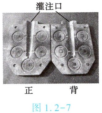 9. (★★★)如图1.2-7所示,“钱范”是古代铸造钱币所用的模具,由正、背两块组成,内部均刻有图文。铸币时,合上正、背两块,将液态金属灌入其内,待液态金属凝固后取出,即可得到金属钱币。下表提供两种材料在$1.01×10^5Pa$大气压下的熔点,请回答:
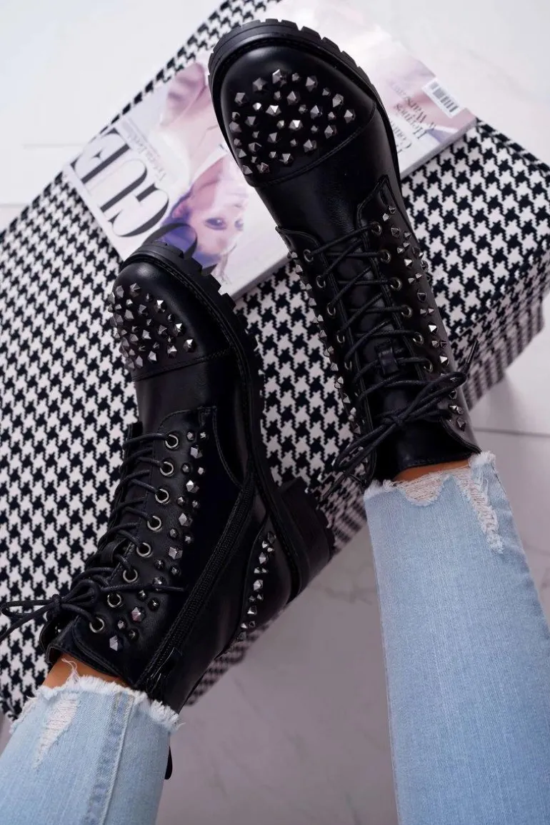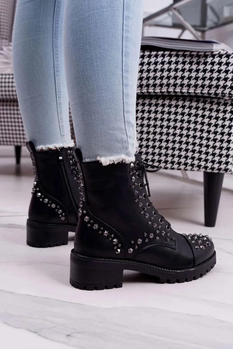 Damskie Botki Workery Z Dżetami Czarne Gether
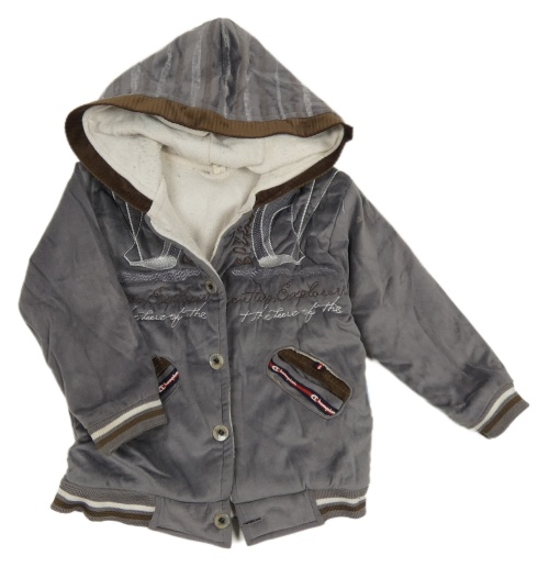 Sivá zamatová zateplená bunda s nápismi a kapucňou

————

## WHAT YOU WILL DO
Each word of the data should be repeated exactly, and the pictures left out.

## EXERCISE RESULT
 9. (★★★)如图1.2-7所示,“钱范”是古代铸造钱币所用的模具,由正、背两块组成,内部均刻有图文。铸币时,合上正、背两块,将液态金属灌入其内,待液态金属凝固后取出,即可得到金属钱币。下表提供两种材料在$1.01×10^5Pa$大气压下的熔点,请回答:
 Damskie Botki Workery Z Dżetami Czarne Gether
 Sivá zamatová zateplená bunda s nápismi a kapucňou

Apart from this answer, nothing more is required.